Welcome to WebmasterWorld Guest from

Forum Moderators: open

Message Too Old, No Replies

Tips for Helping Google Index Dynamic Pages



2:15 am on Nov 8, 2002 (gmt 0)

WebmasterWorld Senior Member 10+ Year Member

4 important concepts for making sure dynamic pages are indexed:

1. All pages have a unique and descriptive title
2. The pages don't have an excessively long URL. Once you above about 50 characters, the chance of the page being indexed declines rapidly. Over 90 - almost never.
3. The page is not deep in a directory such as: domain.com/i-am-great/why/reasons/press-releases/he-is-great.php. Better: domain.com/he-is-great.php
4. There are several links to the page. In other words, you should have good site navigation.

Any other tips you would add?


2:24 am on Nov 8, 2002 (gmt 0)

WebmasterWorld Senior Member 10+ Year Member

Ths sort of goes along with what you were saying, but every &,?, and = added in the url seems to decrease the chances of it being indexed.
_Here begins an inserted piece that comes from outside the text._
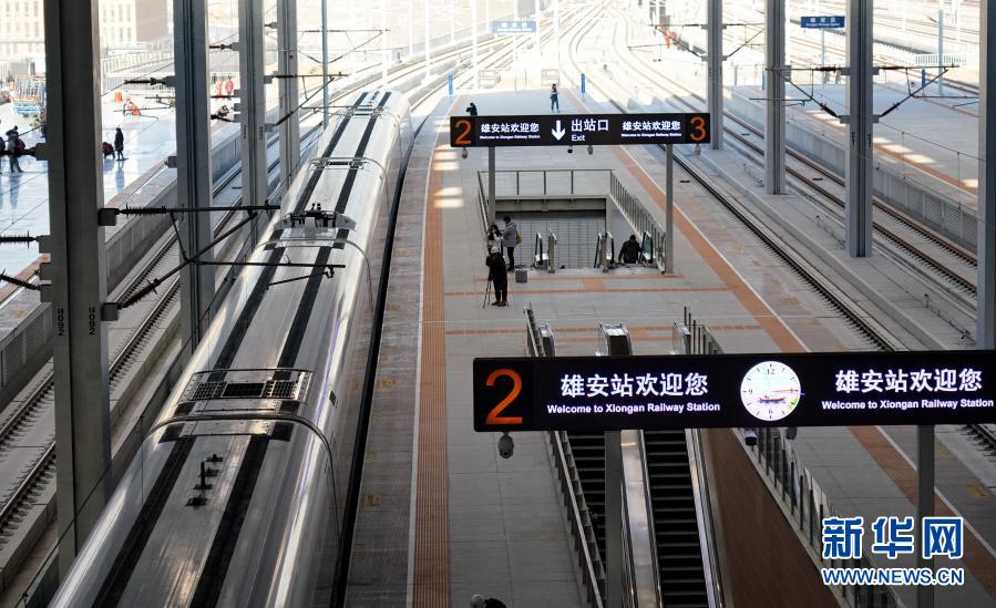 12月24日,用于测试的动车组列车驶离京雄城际铁路雄安站。新华社记者 牟宇 摄

9:39 am on Nov 8, 2002 (gmt 0)

10+ Year Member

Wouldn't the best way be to camouflage the pages as static by putting the arguments in the file name. That way the SEs won't realise that the pages are dynamic.

It will probably also give URLs that are easier understood by the normal user.



5:17 pm on Nov 8, 2002 (gmt 0)

10+ Year Member

Build a site map that allows a user to click through every page.

It worked well for my 20,000 page site.


5:25 pm on Nov 8, 2002 (gmt 0)

WebmasterWorld Senior Member 10+ Year Member

Yup- I can confirm the sitemap- works like a charm.


5:55 pm on Nov 8, 2002 (gmt 0)

How the heck do you build a site map with 20,000 links? Is this only for the spider to see?


6:02 pm on Nov 8, 2002 (gmt 0)

WebmasterWorld Administrator rogerd is a WebmasterWorld Top Contributor of All Time 10+ Year Member

Welcome to WebmasterWorld, Respree... I was wondering about the 20K links, too... certainly a multi-page, hiearchical site map would be needed for that many links?


6:09 pm on Nov 8, 2002 (gmt 0)

10+ Year Member

If you have several variables in your page url like:

Then try making a site map with only 1 variable in the URL. In the May '02 update our 3 variable pages were dropped from the index (which was most of our site). So I built a site map with 1 variable URL's. It was a little difficult and some info on each page was missing, but it did get the pages back into the index.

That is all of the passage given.